Fished a small NE trib last week, all fish came on spawn.....Sorry for the shotty pic, phone camera.....


----------



## jmarsh (Feb 10, 2010)

Nice, hopefully i can do this on sat.... congrats!!


----------



## ausable_steelhead (Sep 30, 2002)

**** the West side, I'm moving back EAST man! Nice little mess there bro.


----------



## Carpmaster (Apr 1, 2004)

Rock on! Nice brown!


----------



## jrv (Nov 11, 2008)

Beautiful Fish! Congrats.


----------



## brookies101 (Jun 23, 2008)

Nice fish!

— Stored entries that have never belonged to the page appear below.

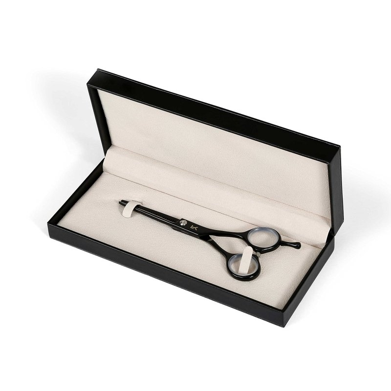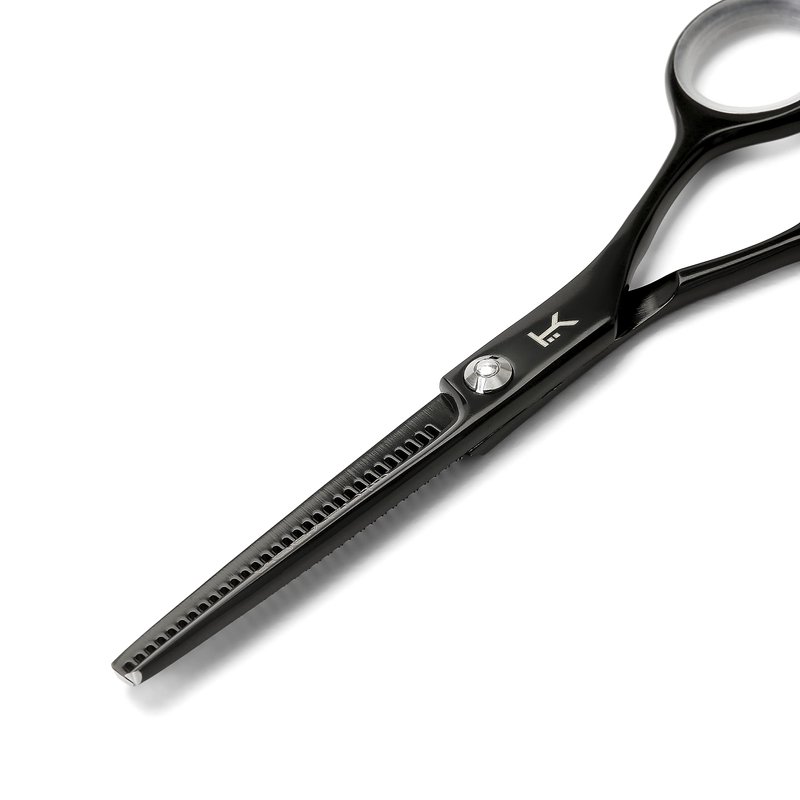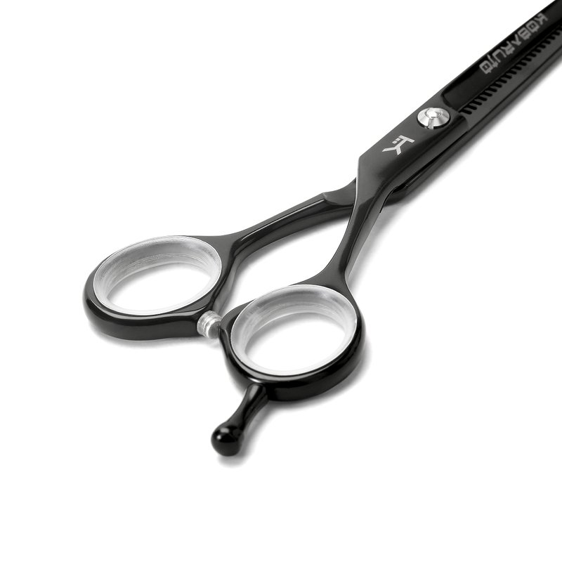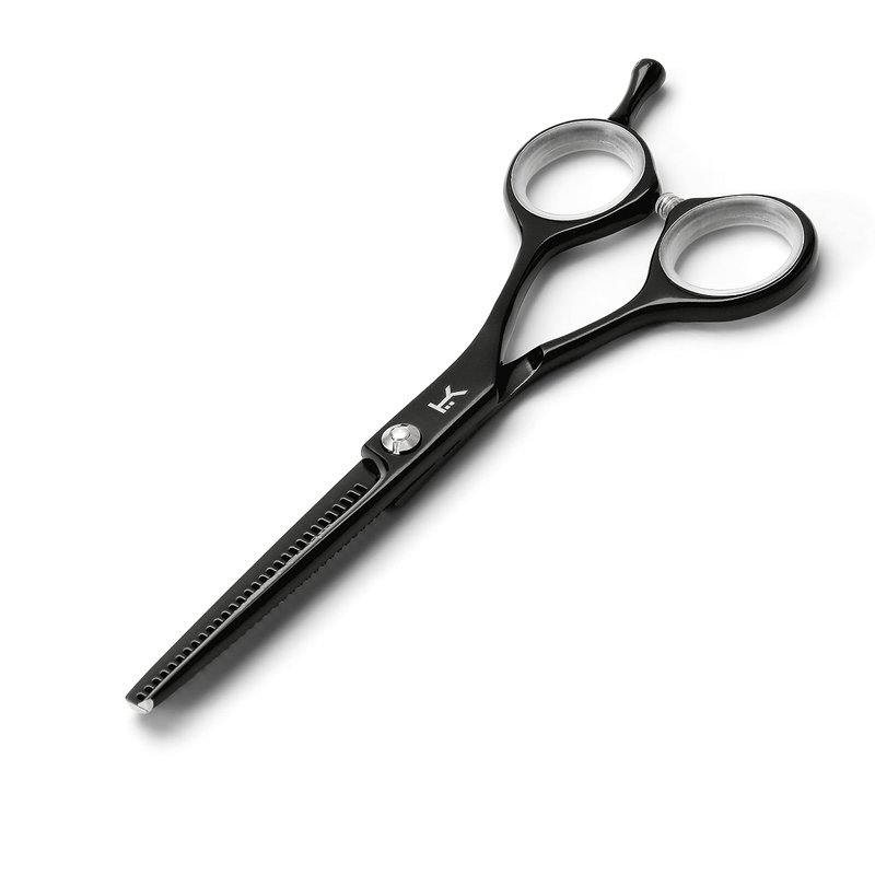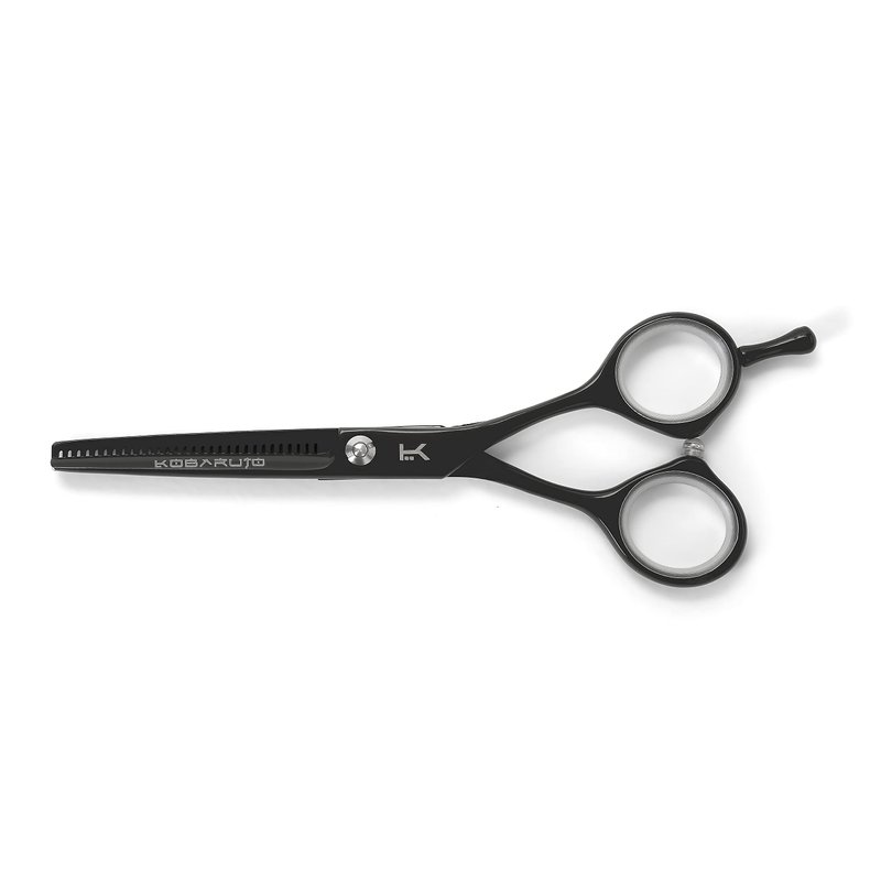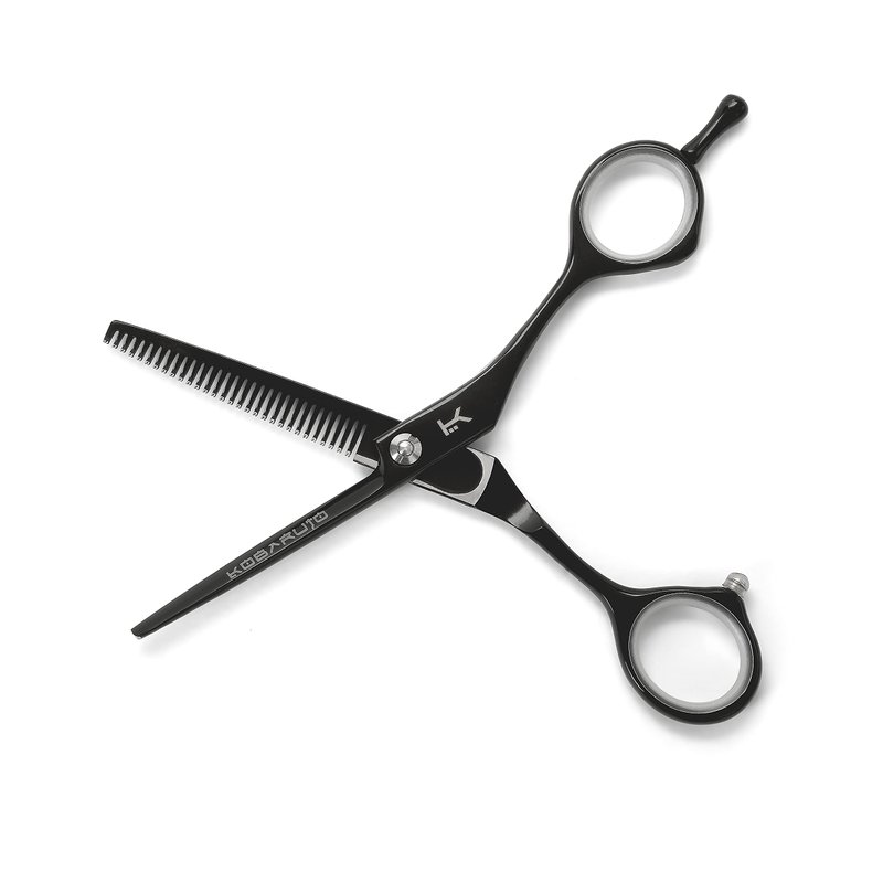 Kobaruto Black Cobalt Thinning 5.5 inch Hairdressing Scissors are an extremely high quality salon professional tool. They are highly durable shears as they are hand crafted from a supreme Japanese cobalt alloy making the scissors life unparalleled in the professional barber and hairdressing industry. 5 inch Cobalt scissors are light weight and have a smooth gliding action, the black finished handles and Matte Black Cobalt blades give these scissors an exclusively unique prestigious feel. Removable finger inserts are included to adjust for different finger sizes making the shears an even better fit. These thinning scissors have 30 teeth for a 35% cut ratio. They have an adjustable bolt that joins the blades as professional hairdressing scissors should and can tighten or loosen the blades according to the stylists or barbers preference. Our hair thinning shears feature ballistic blades which are ideal for professional use as they are designed to be used all day everyday and are guaranteed to assist every barber, stylist and hairdresser to take the art of hairdressing to a whole new level. Kobaruto Black Cobalt hair thinning scissors are currently available for worldwide delivery. The Kobaruto Black Hair Thinning Scissors 5.5 inch 30 Teeth was built with people like you in mind. Something to keep you happy. Every. Single. Day.
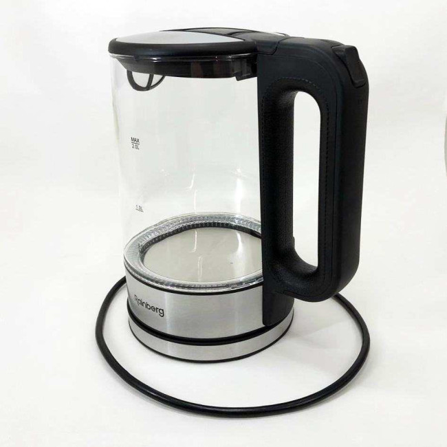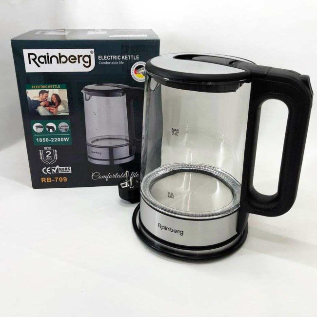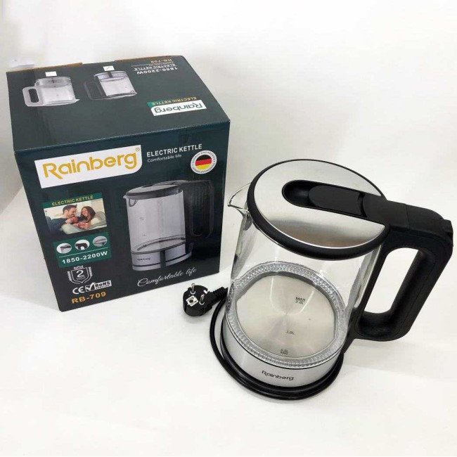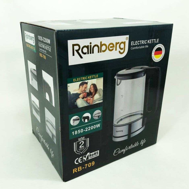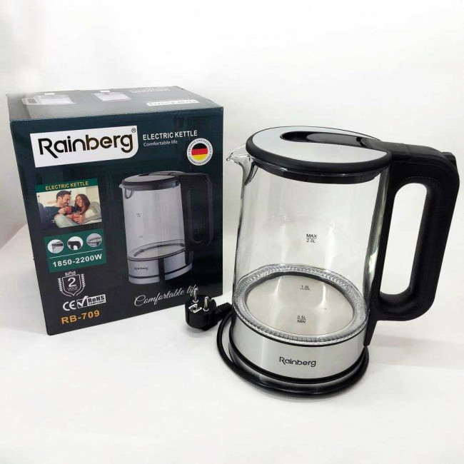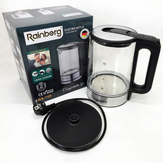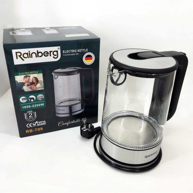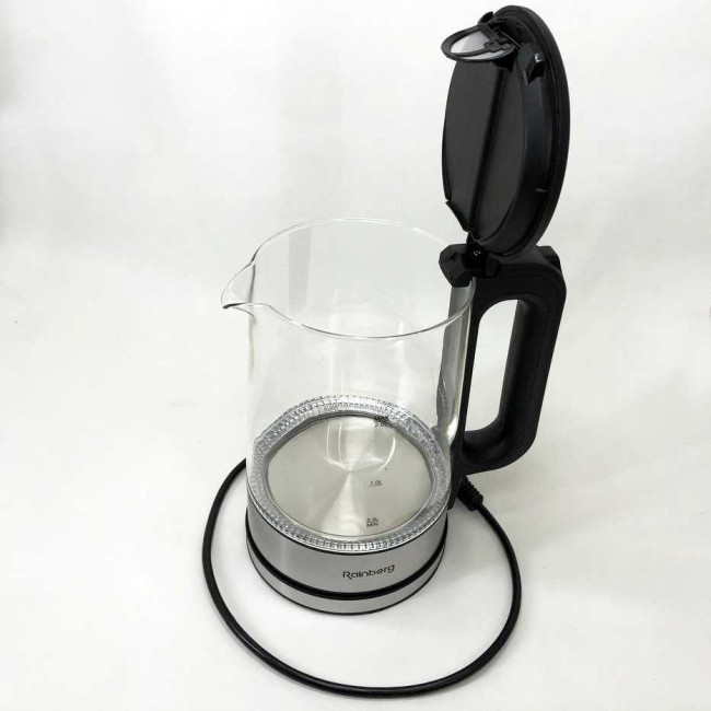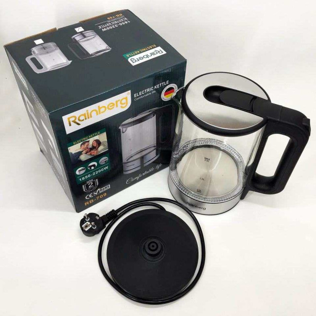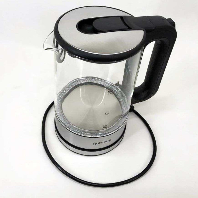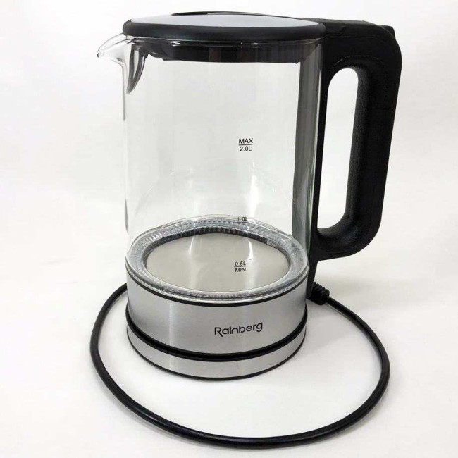 Дисковий електричний чайник Rainberg RB-709 2Л 2200Вт скляний із підсвічуванням, безшумний чайник Black
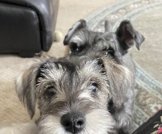 Our puppies include salt and pepper and black and silver. Colors will vary depending on the parent dogs.
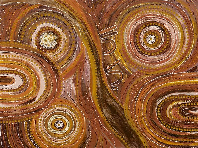 Ngurrbul Dark Canvas Art Print - Free flowing lines are surrounded by hypnotic and intricate concentric circles in this warm and rich contemporary Aboriginal artwork piece. Created by talented Wiradjuri artist, Amanda Hinkelmann, this piece is inspired by a traditional Wiradjuri love story, and features a deep, earthy colour palette of mustard, ochre, and brown tones, highlighted with white accents. This painting shares a traditional Wiradjuri love story. The story of two young lovers, Pomingalana and Gobbagombalin, from different tribes and opposite sides of the river, who had fallen into a forbidden love. For every artwork sold, a percentage of the sale price goes directly back to the artist.
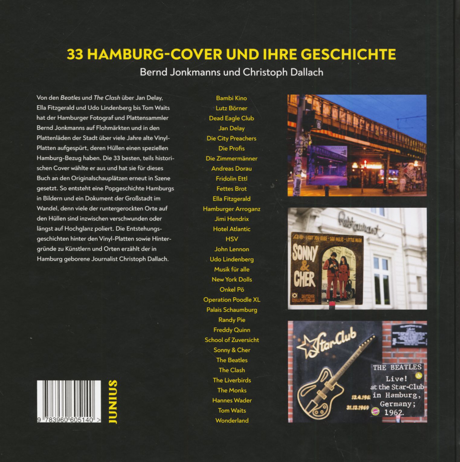 Des Beatles et du Clash ? Jan Delay, Ella Fitzgerald, Udo Lindenberg et Tom Waits, le photographe et collectionneur de disques hambourgeois Bernd Jonkmanns a retrouvé dans les marchés aux puces et les magasins de disques de la ville des disques vinyles vieux de plusieurs années dont les pochettes ont une référence particulière ? Hambourg. Il a sélectionné les 33 meilleures couvertures, en partie historiques, et les a mises en scène ? nouveau pour ce livre dans les lieux d'origine. Le résultat est une histoire pop de Hambourg en images et un document de la ville en mouvement, car de nombreux endroits en pierre sur les couvertures ont entre-temps disparu ou ont été polis depuis longtemps pour devenir très brillants. Le journaliste hambourgeois Christoph Dallach raconte les histoires qui se cachent derrière les disques vinyles et le parcours des artistes et des lieux.
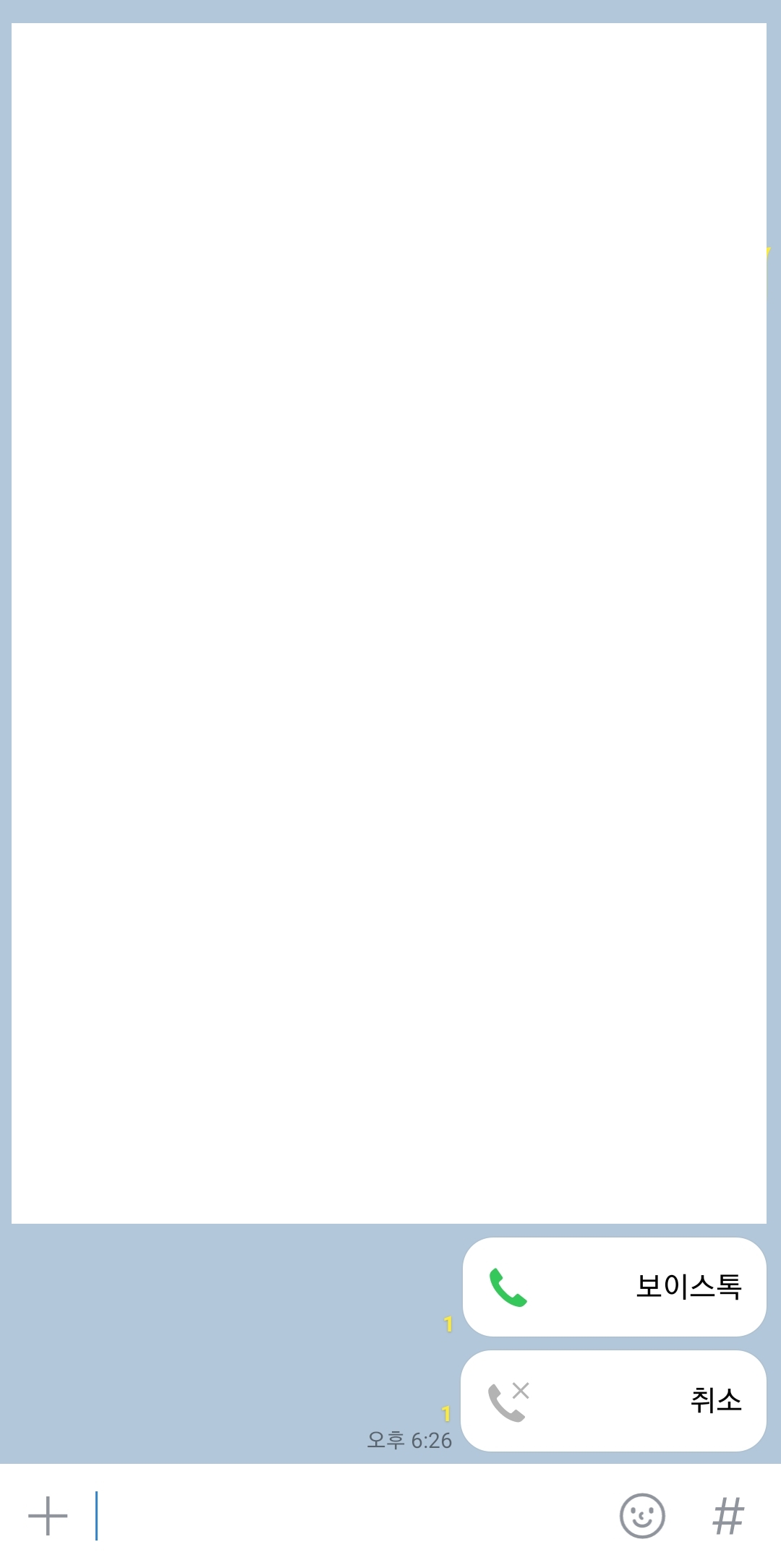 7. 상대방이 전화를 받지 않아서 내가 전화를 끊으면 부재중 통화 표시가 채팅방에 남아요. 만약 통화를 했다면 통화 시간도 채팅방에 표시돼요. 이렇게 해서 보이스톡 통화 내역을 확인할 수 있어요.
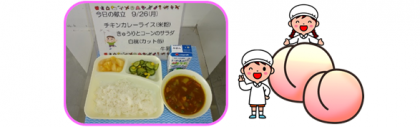 今日の給食では、山形県産の白桃をおよそ2cmの角切りにして缶詰にしたものを使用しています。
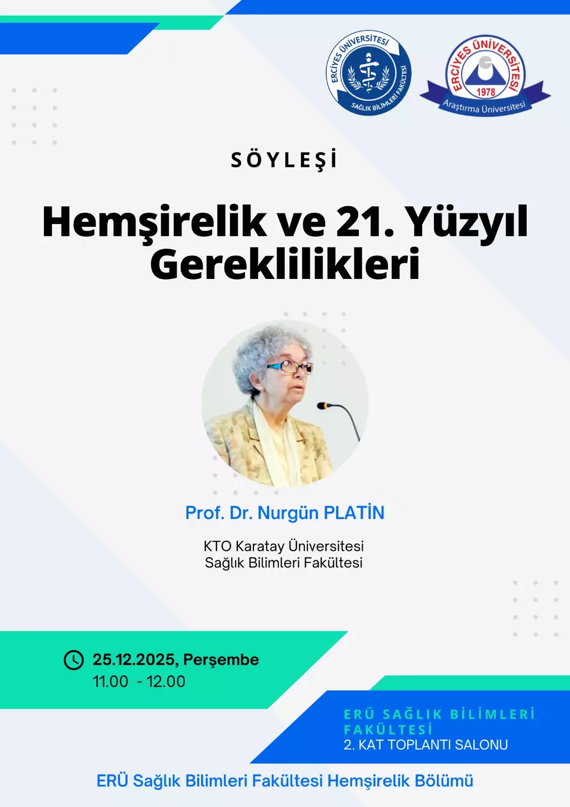 Erciyes Üniversitesi Sağlık Bilimleri Fakültesi Hemşirelik Bölümü tarafından düzenlenen, Hemşirelik ve 21. Yüzyıl Gereklilikleri başlıklı söyleşiye tüm öğretim üyelerimiz davetlidir.
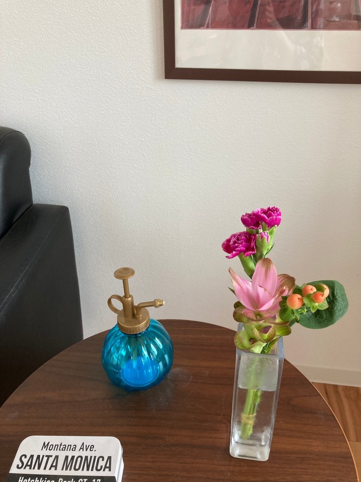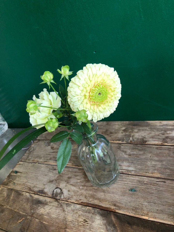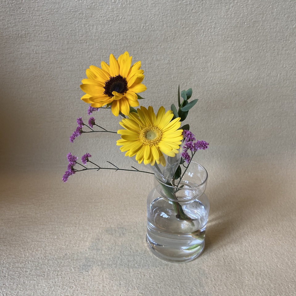 @花束は長旅で少し疲れて届くこともありますので水切り後多めの水でたっぷりと水揚げをしてからお気に入りの花瓶に少し少なめの水で管理しましょう。 まだまだ暑いので水替えは毎日こまめに行いましょう。

I'm thinking its time to make a trip up
_Posted via Mobile Device_


----------



## diztortion (Sep 6, 2009)

The photo makes it look like they were taken in the early 80's...


----------



## Reel_Screamer86 (Mar 22, 2007)

diztortion said:


> The photo makes it look like they were taken in the early 80's...


Maybe to you, did you read the post IT WAS A PHONE CAMERA...


----------



## diztortion (Sep 6, 2009)

As a matter of fact, I DID. I was just sayin'... It's kinda neat looking, that's all. Kinda like a polaroid.


----------